Evaluate the integral using any appropriate algebraic method or trigonometric identity. \( \int \frac{d \mathrm{x}}{25 e^{-9 \mathrm{x}}+e^{9 x}} \)

To evaluate the integral \( \int \frac{d \mathrm{x}}{25 e^{-9 \mathrm{x}} + e^{9 \mathrm{x}}} \), we can start by simplifying the integrand. We can rewrite the expression inside the integral: \[ \int \frac{d \mathrm{x}}{25 e^{-9 \mathrm{x}} + e^{9 \mathrm{x}}} = \int \frac{e^{9\mathrm{x}} d\mathrm{x}}{25 + e^{18\mathrm{x}}} \] This allows us to use the substitution \( u = e^{9x} \), so \( du = 9 e^{9x} dx \) or \( dx = \frac{du}{9u} \).

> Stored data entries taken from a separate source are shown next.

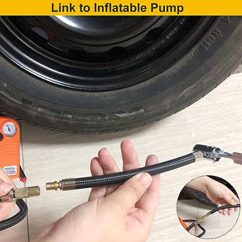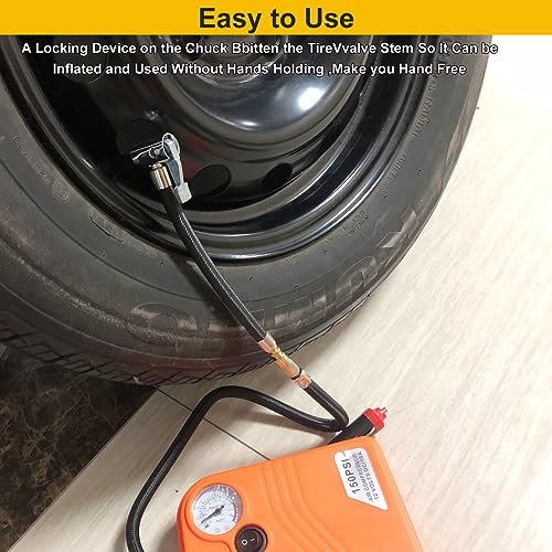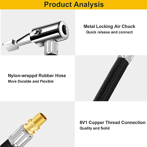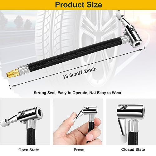 2.Solid and Durable:Portable tire inflator chuck adapter,with all-metal construction,corrosion-resistant,sturdy and durable. Equipped with high-quality braided hose, it is durable and flexible. It is a great tool for both commercial and home use.
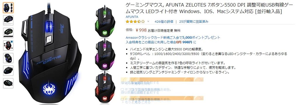 マウスはレーザーセンサーとアマゾンには書いてあったが
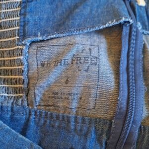 We The Free Denim studded mini dress. Front pockets. Side zip closure. Light stretch. Elastic panel across the back for comfort and fit. Womens size 6. Pit to pit flat lay 16" length from neckline to hem 24" measurements are approximate
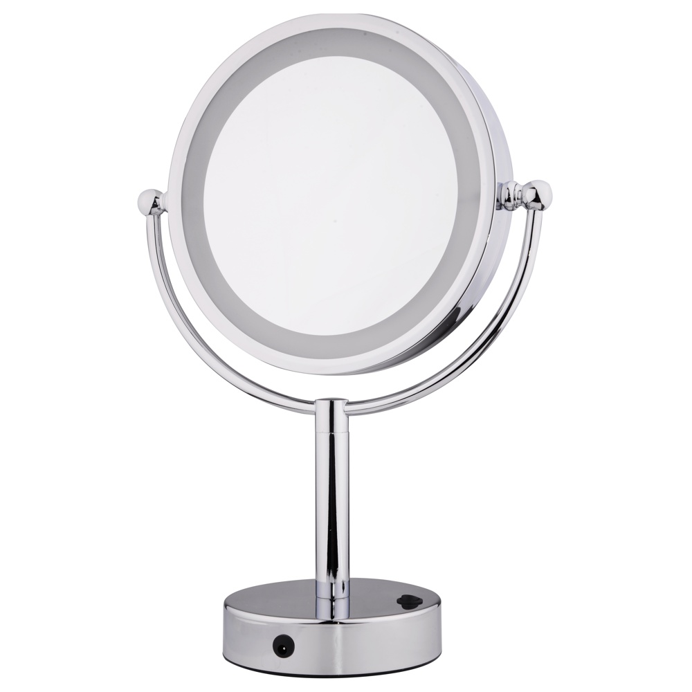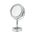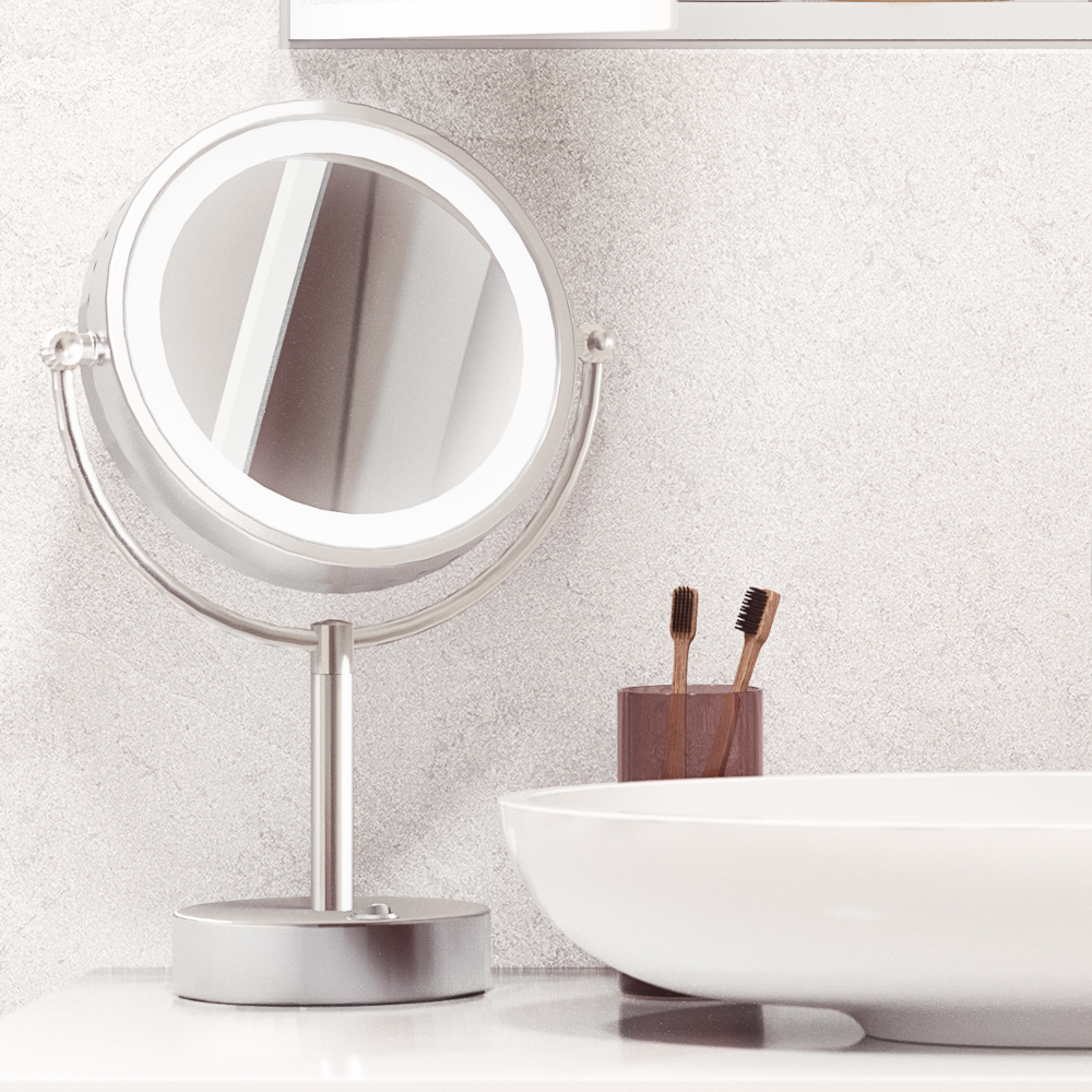 Elevate your daily routine with the Volkano 8.5″ Double Sided Lighted Freestanding Mirror from ICO Bath. Designed for both functionality and elegance, this mirror features a dual-sided design with 1x magnification on one side and 5x on the other, perfect for detailed grooming tasks like makeup application and skincare. The 360° swivel allows for effortless angle adjustments, ensuring optimal viewing. Its integrated LED lighting provides warm illumination, enhancing visibility in any setting. Crafted from durable brass and available in finishes like Chrome, Brushed Nickel, and Matte Black, this freestanding mirror seamlessly complements any bathroom décor.
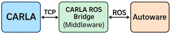ROS is an open-source middleware framework widely adopted in robotics research and development. It offers a modular architecture based on a publish–subscribe communication model, wherein distributed software components, referred to as nodes, exchange information through topics. ROS additionally provides comprehensive tools for sensor integration, data visualization, debugging, and simulation control. Figure 3 is a simplified diagram of the communication between CARLA and Autoware.
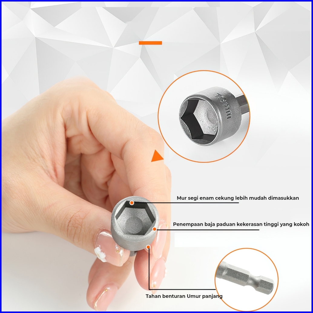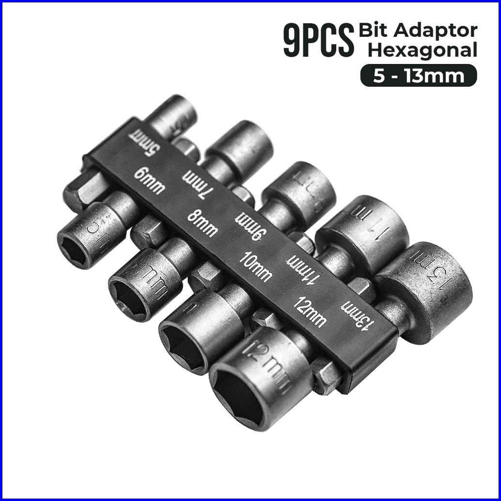 Allefix Bit Adaptor Hexagonal 5-13mm Mata Bor Hex Nut Driver Set 9pcs -6790
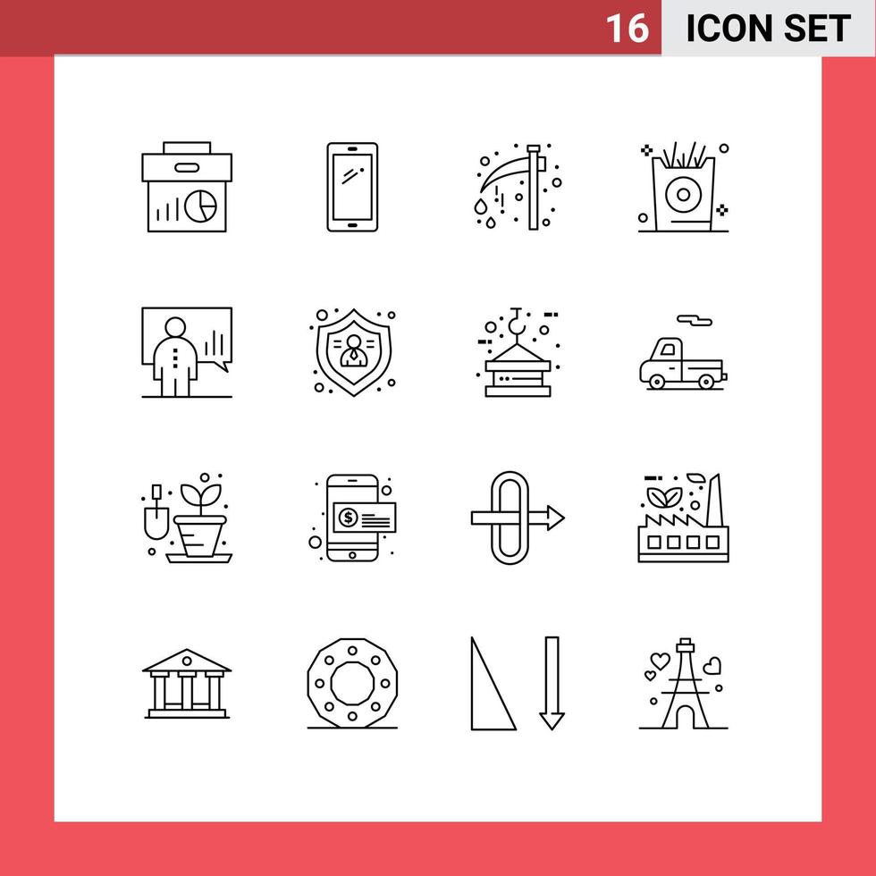 Set of 16 Vector Outlines on Grid for kid fries android scary halloween Editable Vector Design Elements Free Vector

Substituting these into the integral gives: \[ = \int \frac{u^{1/9}}{25 + u^2} \cdot \frac{du}{9u} \] This simplifies to: \[ = \frac{1}{9} \int \frac{1}{25 + u^2} du \] The integral \( \int \frac{1}{a^2 + u^2} du \) is a standard result that is equal to \( \frac{1}{a} \tan^{-1}(\frac{u}{a}) + C \), where \( a = 5 \) here. Therefore: \[ = \frac{1}{9} \cdot \frac{1}{5} \tan^{-1}\left(\frac{u}{5}\right) + C \] Now we substitute back \( u = e^{9x} \): \[ = \frac{1}{45} \tan^{-1}\left(\frac{e^{9x}}{5}\right) + C \] Thus, the final result for the integral is: \[ \int \frac{d \mathrm{x}}{25 e^{-9 \mathrm{x}}+e^{9 \mathrm{x}}} = \frac{1}{45} \tan^{-1}\left(\frac{e^{9x}}{5}\right) + C \]